Ce qui n'empêche que cette mémoire fait partie de notre identité nationale. La mémoire de l'époque du national-socialisme et de ses crimes est une obligation morale. Nous le devons non seulement aux victimes, aux survivants et à leurs familles et leurs proches, mais aussi à nous-mêmes.

Mesdames, Messieurs,

Il est vrai qu'il est fort tentant d'oublier et de refouler le passé. Mais nous résisterons à cette tentation.

Le champ de stèles du Mémorial de la Shoah, au coeur de Berlin, ne peut rendre aux victimes ni la vie ni la dignité. Il peut peut-être symboliser leurs souffrances pour les survivants et leurs descendants. Pour nous tous, il sert de signal contre l'oubli.

Car, nous le savons, il ne pourrait y avoir ni liberté, ni dignité de l'être humain, ni justice si nous venions à oublier ce qui s'est produit quand la liberté, la justice et la dignité de l'être humain ont été foulées aux pieds par l'Etat. Nombre d'écoles allemandes, d'entreprises, de syndicats et d'Eglises fournissent un travail admirable. L'Allemagne assume son passé.

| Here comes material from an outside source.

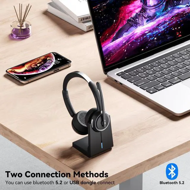 Noise Cancellation & Mute Function: This Bluetooth headset with microphone is equipped with advanced environmental noise cancellation (ENC) technology, making it perfect for use in call centers, homes, offices, or noisy work environments. The wireless headset with mic for work effectively filters out distractions like colleague chatter, keyboard typing, or children's noise at home. Simply press the mute button to maintain privacy during personal conversations with nearby colleagues or friends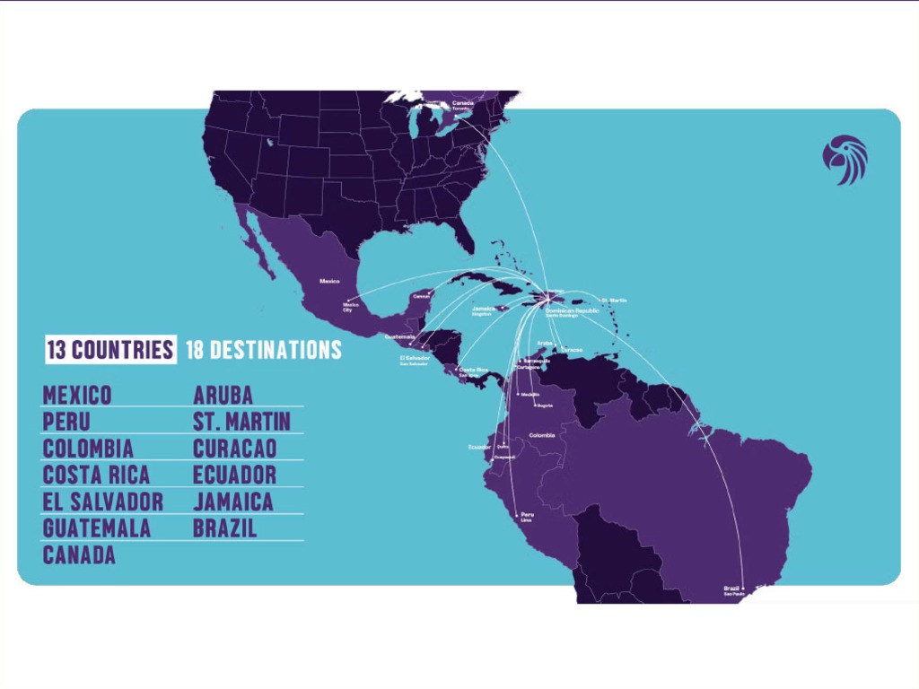 The low-cost Caribbean carrier is turning the Dominican Republic into the new low-price hub of the continent, offering direct flights from Santo Domingo to Mexico City, Cancun, San José, Guatemala, San Salvador, Bogotá, Medellín, Barranquilla, Quito, Guayaquil, Lima, Sao Paulo, Aruba, Curaçao, Sint Marteen, Kingston and 74 connections with the best rates and on new Boeing 737 MAX 8 aircraft that save 14% more fuel than single-aisle aircraft available in the regional market, and reduce the cost by 40%. noise pollution.

De la Shoah, de la terreur national-socialiste est née une certitude pour nous tous qui se traduit au mieux par ces mots : « plus jamais ça ». Nous voulons préserver cette certitude. Tous les Allemands, mais aussi tous les Européens et la communauté internationale tout entière doivent sans cesse réapprendre à vivre ensemble dans le respect et la paix et avec des rapports humains.

La Convention pour la prévention et la répression du crime de génocide est l'enseignement immédiat de l'Holocauste dans le droit international. Elle engage tous les êtres humains, quelle que soit leur origine, leur appartenance culturelle, leur religion et leur couleur, à respecter et protéger la vie et la dignité humaine dans le monde entier. Vous luttez vous aussi pour cela au sein du Comité international d'Auschwitz avec le travail remarquable que vous fournissez dans l'intérêt de tous.

Je m'incline avec vous devant les victimes des camps d'extermination. Même si, un jour, les noms des victimes venaient peu à peu à s'effacer de la mémoire des hommes, leur destin demeure à jamais gravé dans notre mémoire, car ils reposent au coeur de l'Histoire.